Read biographies together about famous failures like Thomas Edison and Albert Einstein. Talk about and explore biographies about the character traits that help people overcome the roadblocks in their lives, perseverance, of course, but also self reflection and evaluation, persistence, faith, hope, courage, and delayed gratification. You would want to nip this behavior now. He will have to learn this lesson and it is better that he learn it now. Regards,
Dear Mrs. Web
Dear Mrs. Web,
My mother-in-law told me today that she did not receive thank you notes from our children for Christmas gifts. The children called her specifically to thank her for the gifts. All of them talked to her and thanked her. She seems to be expecting a card from each of them. The kids are reluctant to write her, they keep saying, they already thanked her. What do I do?
Very Thankful
Dear Very Thankful,
Purchase attractive note cards for each of them, sit them down, and teach them to write a thank-you. There is no substitute for a written note.

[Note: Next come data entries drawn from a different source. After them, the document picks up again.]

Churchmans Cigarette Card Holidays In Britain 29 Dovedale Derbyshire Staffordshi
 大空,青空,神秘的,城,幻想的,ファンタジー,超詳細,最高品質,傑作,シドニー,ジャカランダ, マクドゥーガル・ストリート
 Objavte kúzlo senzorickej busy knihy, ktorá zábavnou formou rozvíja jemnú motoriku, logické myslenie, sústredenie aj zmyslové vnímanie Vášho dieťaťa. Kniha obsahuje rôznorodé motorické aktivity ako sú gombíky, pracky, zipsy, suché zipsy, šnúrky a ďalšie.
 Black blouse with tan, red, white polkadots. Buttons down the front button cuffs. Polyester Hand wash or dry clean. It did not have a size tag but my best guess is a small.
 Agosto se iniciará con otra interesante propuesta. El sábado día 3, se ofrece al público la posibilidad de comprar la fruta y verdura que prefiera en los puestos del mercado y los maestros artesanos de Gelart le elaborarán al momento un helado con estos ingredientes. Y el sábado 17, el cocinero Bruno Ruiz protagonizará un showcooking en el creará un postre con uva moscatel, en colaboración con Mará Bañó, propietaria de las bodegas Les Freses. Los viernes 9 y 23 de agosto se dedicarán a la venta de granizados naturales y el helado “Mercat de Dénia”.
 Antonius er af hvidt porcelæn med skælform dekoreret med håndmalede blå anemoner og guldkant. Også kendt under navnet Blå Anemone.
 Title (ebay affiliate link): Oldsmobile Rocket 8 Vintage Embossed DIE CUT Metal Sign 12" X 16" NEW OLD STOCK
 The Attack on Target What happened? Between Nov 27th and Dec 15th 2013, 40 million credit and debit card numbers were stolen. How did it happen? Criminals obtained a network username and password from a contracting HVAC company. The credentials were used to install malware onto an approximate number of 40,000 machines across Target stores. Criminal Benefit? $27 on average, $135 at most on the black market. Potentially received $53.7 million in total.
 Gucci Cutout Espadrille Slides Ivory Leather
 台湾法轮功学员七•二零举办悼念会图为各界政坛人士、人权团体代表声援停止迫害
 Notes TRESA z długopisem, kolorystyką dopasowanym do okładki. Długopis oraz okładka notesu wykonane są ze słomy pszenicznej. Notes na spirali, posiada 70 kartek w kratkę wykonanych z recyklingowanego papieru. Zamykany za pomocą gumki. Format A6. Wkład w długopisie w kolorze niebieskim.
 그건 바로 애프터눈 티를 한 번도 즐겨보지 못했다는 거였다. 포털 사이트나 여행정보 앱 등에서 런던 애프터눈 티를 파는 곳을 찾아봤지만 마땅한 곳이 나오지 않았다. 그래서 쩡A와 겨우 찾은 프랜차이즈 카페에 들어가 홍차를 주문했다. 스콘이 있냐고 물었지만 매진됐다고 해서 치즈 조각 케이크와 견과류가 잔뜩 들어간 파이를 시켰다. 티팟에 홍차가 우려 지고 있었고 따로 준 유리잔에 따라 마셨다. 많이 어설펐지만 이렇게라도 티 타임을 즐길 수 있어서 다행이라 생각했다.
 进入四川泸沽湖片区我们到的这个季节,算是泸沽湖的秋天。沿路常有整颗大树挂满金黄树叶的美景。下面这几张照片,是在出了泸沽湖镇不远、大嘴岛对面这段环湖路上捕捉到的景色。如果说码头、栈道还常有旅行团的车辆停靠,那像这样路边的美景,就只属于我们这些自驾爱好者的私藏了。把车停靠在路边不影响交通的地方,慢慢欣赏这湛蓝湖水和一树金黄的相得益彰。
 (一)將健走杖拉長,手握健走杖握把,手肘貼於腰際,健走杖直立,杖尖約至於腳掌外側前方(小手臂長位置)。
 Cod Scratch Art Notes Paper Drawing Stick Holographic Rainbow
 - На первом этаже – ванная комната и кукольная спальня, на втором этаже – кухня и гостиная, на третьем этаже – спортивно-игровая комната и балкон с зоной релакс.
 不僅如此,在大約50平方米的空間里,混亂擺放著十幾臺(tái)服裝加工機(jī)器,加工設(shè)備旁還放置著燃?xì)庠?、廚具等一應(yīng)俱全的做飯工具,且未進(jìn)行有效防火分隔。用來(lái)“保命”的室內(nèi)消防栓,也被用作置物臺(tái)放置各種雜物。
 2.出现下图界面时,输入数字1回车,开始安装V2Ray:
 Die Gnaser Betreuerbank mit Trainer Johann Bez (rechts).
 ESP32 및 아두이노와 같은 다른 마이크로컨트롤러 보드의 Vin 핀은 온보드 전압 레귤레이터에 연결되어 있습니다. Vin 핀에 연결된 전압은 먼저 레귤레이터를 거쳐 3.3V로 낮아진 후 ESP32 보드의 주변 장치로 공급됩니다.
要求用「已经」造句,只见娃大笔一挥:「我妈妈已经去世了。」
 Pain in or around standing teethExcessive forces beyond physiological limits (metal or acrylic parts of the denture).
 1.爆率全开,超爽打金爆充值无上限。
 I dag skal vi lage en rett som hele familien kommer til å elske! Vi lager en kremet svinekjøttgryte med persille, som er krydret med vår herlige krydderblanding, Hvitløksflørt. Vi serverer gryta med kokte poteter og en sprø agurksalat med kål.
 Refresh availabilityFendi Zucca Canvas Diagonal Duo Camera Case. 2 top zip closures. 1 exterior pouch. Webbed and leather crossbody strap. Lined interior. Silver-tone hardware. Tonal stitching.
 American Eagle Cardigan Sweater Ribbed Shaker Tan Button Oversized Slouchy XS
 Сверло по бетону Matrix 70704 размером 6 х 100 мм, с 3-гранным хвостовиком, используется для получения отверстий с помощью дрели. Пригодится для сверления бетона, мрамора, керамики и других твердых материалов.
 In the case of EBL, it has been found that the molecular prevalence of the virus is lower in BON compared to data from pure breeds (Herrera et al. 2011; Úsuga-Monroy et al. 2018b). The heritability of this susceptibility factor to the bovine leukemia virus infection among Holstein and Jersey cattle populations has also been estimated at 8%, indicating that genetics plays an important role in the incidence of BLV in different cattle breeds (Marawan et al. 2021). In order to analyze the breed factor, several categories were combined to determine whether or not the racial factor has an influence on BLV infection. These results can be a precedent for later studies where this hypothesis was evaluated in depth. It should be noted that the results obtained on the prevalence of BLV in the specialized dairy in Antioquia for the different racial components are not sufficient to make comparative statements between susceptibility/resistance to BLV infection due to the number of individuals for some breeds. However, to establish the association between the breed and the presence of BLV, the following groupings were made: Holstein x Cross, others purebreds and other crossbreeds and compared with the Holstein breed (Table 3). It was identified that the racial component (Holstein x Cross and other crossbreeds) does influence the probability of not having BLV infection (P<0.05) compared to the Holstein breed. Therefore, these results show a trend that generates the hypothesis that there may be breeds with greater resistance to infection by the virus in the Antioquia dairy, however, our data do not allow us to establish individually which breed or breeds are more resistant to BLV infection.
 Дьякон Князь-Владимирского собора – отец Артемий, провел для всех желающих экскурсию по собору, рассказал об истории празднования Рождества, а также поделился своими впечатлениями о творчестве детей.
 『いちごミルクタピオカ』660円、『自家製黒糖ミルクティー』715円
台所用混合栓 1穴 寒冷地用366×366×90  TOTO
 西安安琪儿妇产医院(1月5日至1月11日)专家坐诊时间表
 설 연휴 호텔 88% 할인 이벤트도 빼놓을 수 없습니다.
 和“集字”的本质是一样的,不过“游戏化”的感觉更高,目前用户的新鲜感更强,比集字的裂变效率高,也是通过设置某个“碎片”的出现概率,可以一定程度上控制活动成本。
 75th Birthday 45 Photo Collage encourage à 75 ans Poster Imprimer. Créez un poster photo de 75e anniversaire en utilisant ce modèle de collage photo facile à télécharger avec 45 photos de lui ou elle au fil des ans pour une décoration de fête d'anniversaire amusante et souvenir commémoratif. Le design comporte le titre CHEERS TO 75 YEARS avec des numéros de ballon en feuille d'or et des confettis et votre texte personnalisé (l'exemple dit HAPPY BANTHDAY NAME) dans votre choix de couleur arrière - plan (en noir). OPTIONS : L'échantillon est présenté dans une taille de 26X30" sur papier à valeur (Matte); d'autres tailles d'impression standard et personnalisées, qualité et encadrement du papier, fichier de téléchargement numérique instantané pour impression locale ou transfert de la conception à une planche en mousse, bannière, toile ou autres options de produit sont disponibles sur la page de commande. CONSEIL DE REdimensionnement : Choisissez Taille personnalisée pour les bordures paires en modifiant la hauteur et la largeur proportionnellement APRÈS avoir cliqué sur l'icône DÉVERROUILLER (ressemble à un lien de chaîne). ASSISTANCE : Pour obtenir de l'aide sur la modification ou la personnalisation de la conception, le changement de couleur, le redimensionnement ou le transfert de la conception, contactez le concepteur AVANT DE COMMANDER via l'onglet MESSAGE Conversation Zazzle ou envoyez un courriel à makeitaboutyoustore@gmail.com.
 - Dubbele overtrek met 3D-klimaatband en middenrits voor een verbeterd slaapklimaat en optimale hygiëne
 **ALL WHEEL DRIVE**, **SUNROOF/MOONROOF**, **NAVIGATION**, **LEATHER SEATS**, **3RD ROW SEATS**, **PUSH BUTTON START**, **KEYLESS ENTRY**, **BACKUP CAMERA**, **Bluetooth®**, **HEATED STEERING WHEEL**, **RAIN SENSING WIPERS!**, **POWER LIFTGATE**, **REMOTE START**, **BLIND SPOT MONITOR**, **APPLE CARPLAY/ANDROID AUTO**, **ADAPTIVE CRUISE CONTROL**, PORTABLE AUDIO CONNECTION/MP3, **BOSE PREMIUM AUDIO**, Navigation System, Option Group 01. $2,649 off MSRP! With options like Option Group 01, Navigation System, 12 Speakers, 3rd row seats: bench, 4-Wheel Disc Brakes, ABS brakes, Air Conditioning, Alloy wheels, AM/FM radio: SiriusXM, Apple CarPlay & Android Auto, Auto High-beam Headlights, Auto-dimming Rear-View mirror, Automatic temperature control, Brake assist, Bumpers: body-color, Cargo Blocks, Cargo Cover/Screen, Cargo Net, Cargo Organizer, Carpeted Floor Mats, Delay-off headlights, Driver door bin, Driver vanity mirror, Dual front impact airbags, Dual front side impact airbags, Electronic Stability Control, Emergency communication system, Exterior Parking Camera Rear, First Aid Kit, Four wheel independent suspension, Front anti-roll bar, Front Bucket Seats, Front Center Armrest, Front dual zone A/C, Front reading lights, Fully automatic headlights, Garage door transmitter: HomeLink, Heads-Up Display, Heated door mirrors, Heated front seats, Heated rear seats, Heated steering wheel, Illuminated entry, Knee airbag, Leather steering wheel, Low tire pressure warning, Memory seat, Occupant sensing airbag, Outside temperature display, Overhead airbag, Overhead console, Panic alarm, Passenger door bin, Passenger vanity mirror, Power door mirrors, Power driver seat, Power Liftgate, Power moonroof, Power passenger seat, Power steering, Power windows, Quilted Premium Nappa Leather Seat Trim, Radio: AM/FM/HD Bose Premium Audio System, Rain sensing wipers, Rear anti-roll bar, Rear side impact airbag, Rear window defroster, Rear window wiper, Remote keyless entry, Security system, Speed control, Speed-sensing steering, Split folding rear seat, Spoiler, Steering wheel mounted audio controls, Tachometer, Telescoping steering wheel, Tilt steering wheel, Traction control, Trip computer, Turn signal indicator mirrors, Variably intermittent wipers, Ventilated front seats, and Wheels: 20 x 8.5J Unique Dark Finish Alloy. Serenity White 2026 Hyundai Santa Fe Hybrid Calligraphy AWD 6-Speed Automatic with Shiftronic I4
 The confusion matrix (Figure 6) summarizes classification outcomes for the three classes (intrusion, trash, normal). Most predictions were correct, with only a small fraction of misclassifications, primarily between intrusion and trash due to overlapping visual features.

This is a skill they need to learn. It shows they took the time to be thoughtful, and is a hallmark of good manners. Each year I include a pack of note cards under the tree for each child.
Regards,
Dear Mrs. Web
Dear Mrs. Web,
You often recommend professional counseling. How do I find a good counselor?
At my website, http://www.dearmrsweb.com I have a handy overview called Choosing a Therapist. There you will find details about therapists, counselors, psychologists, psychiatrists and their training and values.
There are many therapists whose beliefs, lifestyles, or practices are questionable. I find many do not support traditional values or beliefs. However, there are times, particularly in marriage counseling, where a skilled, supportive therapist can make all the difference. There are also times where skilled counselors can help a broken family, a difficult child, or a number of other issues.